What the Earnings Say
The valuation move is anchored in real cash generation. SK Hynix's Q1 2026 results, reported in late April, showed revenue of 52.58 trillion won and operating profit of 37.61 trillion won — a more-than-fivefold increase over Q1 2025 — on an operating margin of 72%, per the company's official release. That margin exceeded TSMC's Q1 2026 operating margin of 58.1% and NVIDIA's operating margin of approximately 66% in its fiscal quarter ending April 2026. Memory chip prices roughly doubled in Q1 2026, with further gains expected through mid-year as supply constraints persist into 2028.
HBM4 and the NVIDIA Lock-In
The commercial engine behind the numbers is high-bandwidth memory. SK Hynix holds more than 70% of NVIDIA's HBM4 supply allocation for the Vera Rubin AI accelerator platform — a position reported as far back as January 2026 and consistent across multiple industry sources since. Samsung holds the remaining allocation; Micron is excluded from top-tier Vera Rubin configurations. On SK Hynix's Q1 earnings call, management said customer requests for HBM already exceed planned production capacity through the next three years. The company is addressing that gap with a 19 trillion won advanced-packaging fab in Cheongju — named P&T7, adjacent to the M15X front-end facility — and a US$3.87 billion facility in West Lafayette, Indiana, where groundbreaking began in April 2026 with mass production targeted for the second half of 2028.
HBM4 is not an incremental improvement. Each GPU in a Vera Rubin rack requires stacked memory bandwidth that conventional DRAM or earlier HBM generations cannot deliver. This positions SK Hynix less as a commodity supplier and more as a gating input for AI infrastructure — similar to how EUV lithography machines gate advanced logic chip production.
A Korean Flag in the Club
South Korea is now the first country outside the United States to have two companies in the trillion-dollar club simultaneously, with Samsung and SK Hynix both holding that status.

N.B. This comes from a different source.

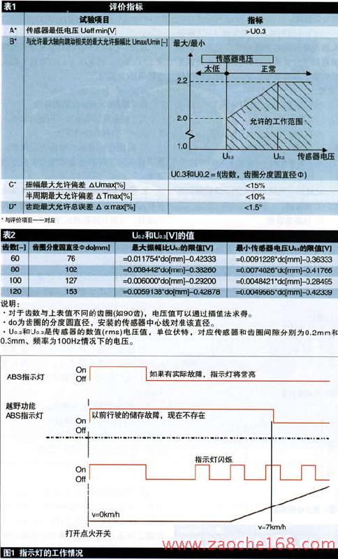 对ABS传感器进行功能试验,然后进行评价,评价的项目如下:

Other non-US members — TSMC of Taiwan and Saudi Aramco — are sole representatives of their respective countries. For South Korea, the milestone reflects a deliberate, decades-long industrial bet on semiconductor manufacturing that is paying off precisely as AI compute demand makes HBM memory as strategically critical as advanced logic chips.
ASEAN Supply-Chain Read-Through
The concentration of HBM supply in South Korea has direct implications for ASEAN data-centre development. Hyperscalers building capacity in Singapore, Malaysia, and Indonesia source their AI accelerators through NVIDIA and the broader US chip supply chain — which now runs through Icheon and Cheongju as much as it does through TSMC's fabs in Hsinchu. Any disruption to Korean memory output, whether from geopolitics, natural disaster, or export controls, would propagate directly into ASEAN data-centre timelines. Sustained Korean HBM dominance reduces supply-chain risk only if the geopolitical environment remains stable — a condition that is not guaranteed.